If one of the diameters of the circle, given by the equation, `x^2+y^2-4x+6y-12=0` , is a chord of a circle S, whose centre is at `(-3,""2)` , then the radius of S is : (1) `5sqrt(2)` (2) `5sqrt(3)` (3) 5 (4) 10

To solve the problem, we need to find the radius of the circle \( S \) whose center is at \((-3, 2)\) and has a chord that is a diameter of another circle given by the equation \( x^2 + y^2 - 4x + 6y - 12 = 0 \). ### Step 1: Rewrite the equation of the circle in standard form The given equation is: \[ x^2 + y^2 - 4x + 6y - 12 = 0 \] We can rearrange it to find the center and radius. First, we complete the square for \( x \) and \( y \).

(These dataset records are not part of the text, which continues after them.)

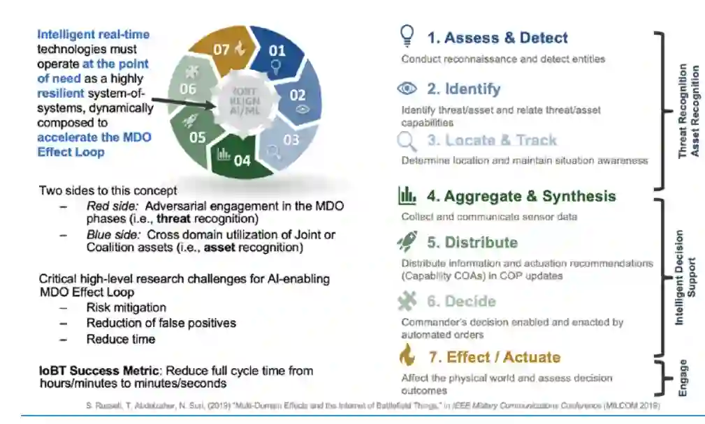 将多个领域的军事能力融合以提高效能的学说预示着国防的新时代,其特点是能够承受更高的作战规模和节奏,这得益于战场自动化和协作水平的提高。然而,要获得这些技术进步的潜在好处,前提是要找到应对无数挑战的成功解决方案,以便在竞争环境中实现智能、异构、交互资源的更高效和可扩展的操作。换句话说,提高防御能力的自动化和协作需要更智能的“战场操作系统”——一个在排除人类参与时间尺度上管理复杂自动化任务的系统,同时赋予作战人员足够的控制权。我们将此操作系统称为战场物联网 (IoBT)。
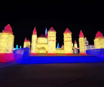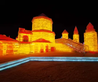 The theme of this year's 22nd Snow and Ice Festival, which will last until the end of February, is the heritage of all 18 participants through the Cooperation between the States of Central and Eastern Europe and China. The festival itself consists of two main exhibition sections, namely the Sun Island recreational section along the Songhua River where giant snow sculptures are displayed and the Ice and Snow World section, which is open only in the afternoon and at night with special illumination of exhibition areas.  The sculptures are the size of buildings and are made from blocks of ice that have been extracted from the Songhua River, which is a very specific technique that requires significant preparation.
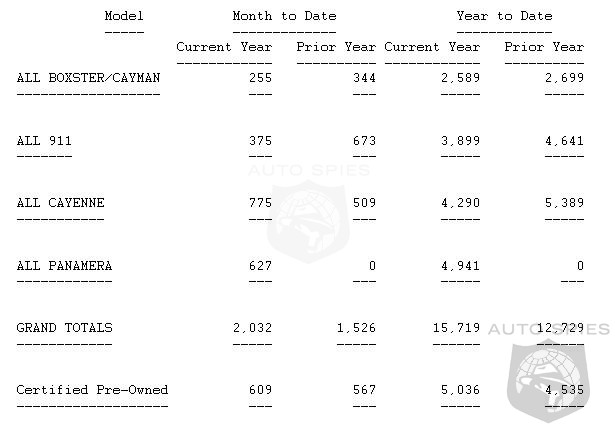 So far in 2010, Porsche's overall year-to-date sales are 15,719 versus last year when they were 12,729, an increase of 23 percent.
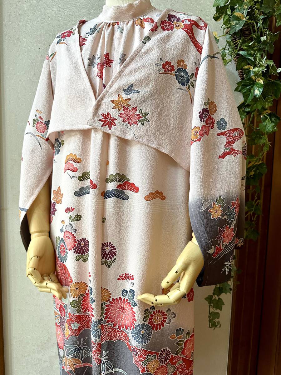 絹素材でしなやかな着心地で着物の高級感と存在感がある着物リメイクの良い特徴です。
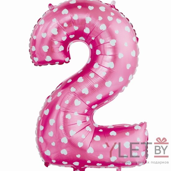 Шар (40″/102 см) Цифра, 2 Сердечки, розовый
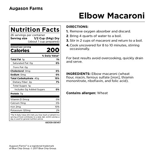 Augason Farms Elbow Macaroni Pasta 50 oz #10 Can
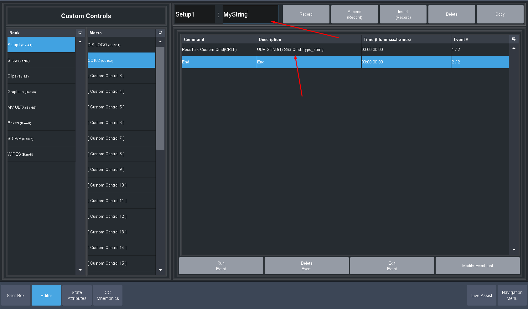 Now You Type in the String you want to send and press the INSERT button to add it to your custom control:
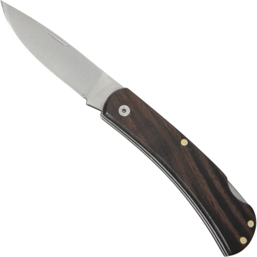 Taschenmesser mit Griffbeschalung aus Schichtholz. Die Klinge ist aus 420 rostfreiem Stahl und wird über einen Lockback Verschluss gesichert. Klingenlänge 75 mm
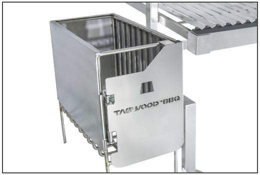 This insert-style Tagwood Argentine Grill without firebricks is designed to be included in a custom outdoor kitchen.

For \( x \): \[ x^2 - 4x \rightarrow (x - 2)^2 - 4 \] For \( y \): \[ y^2 + 6y \rightarrow (y + 3)^2 - 9 \] Substituting back, we have: \[ (x - 2)^2 - 4 + (y + 3)^2 - 9 - 12 = 0 \] \[ (x - 2)^2 + (y + 3)^2 - 25 = 0 \] \[ (x - 2)^2 + (y + 3)^2 = 25 \] ### Step 2: Identify the center and radius of the first circle From the standard form \( (x - h)^2 + (y - k)^2 = r^2 \): - Center \( C_1 = (2, -3) \) - Radius \( R_1 = 5 \) (since \( r^2 = 25 \)) ### Step 3: Find the distance between the centers of the two circles The center of circle \( S \) is given as \( C = (-3, 2) \). We need to find the distance \( CC_1 \) between \( C \) and \( C_1 \). Using the distance formula: \[ CC_1 = \sqrt{(x_2 - x_1)^2 + (y_2 - y_1)^2} \] Substituting the coordinates: \[ CC_1 = \sqrt{((-3) - 2)^2 + (2 - (-3))^2} \] \[ = \sqrt{(-5)^2 + (5)^2} \] \[ = \sqrt{25 + 25} = \sqrt{50} = 5\sqrt{2} \] ### Step 4: Apply the Pythagorean theorem to find the radius of circle \( S \) In triangle \( AC C_1 \), where \( A \) and \( B \) are endpoints of the diameter of the first circle, we can apply the Pythagorean theorem: \[ AC^2 + C_1C^2 = R_1^2 \] Let \( AC \) be the radius of circle \( S \) (which we need to find). Thus, \[ AC^2 + (5\sqrt{2})^2 = 5^2 \] \[ AC^2 + 50 = 25 \] \[ AC^2 = 25 - 50 = -25 \] This indicates that we made a mistake in the application of the theorem; we should instead consider: \[ AC^2 = C_1C^2 + R_1^2 \] Thus: \[ AC^2 = (5\sqrt{2})^2 + 5^2 \] \[ = 50 + 25 = 75 \] \[ AC = \sqrt{75} = 5\sqrt{3} \] ### Conclusion The radius of circle \( S \) is \( 5\sqrt{3} \).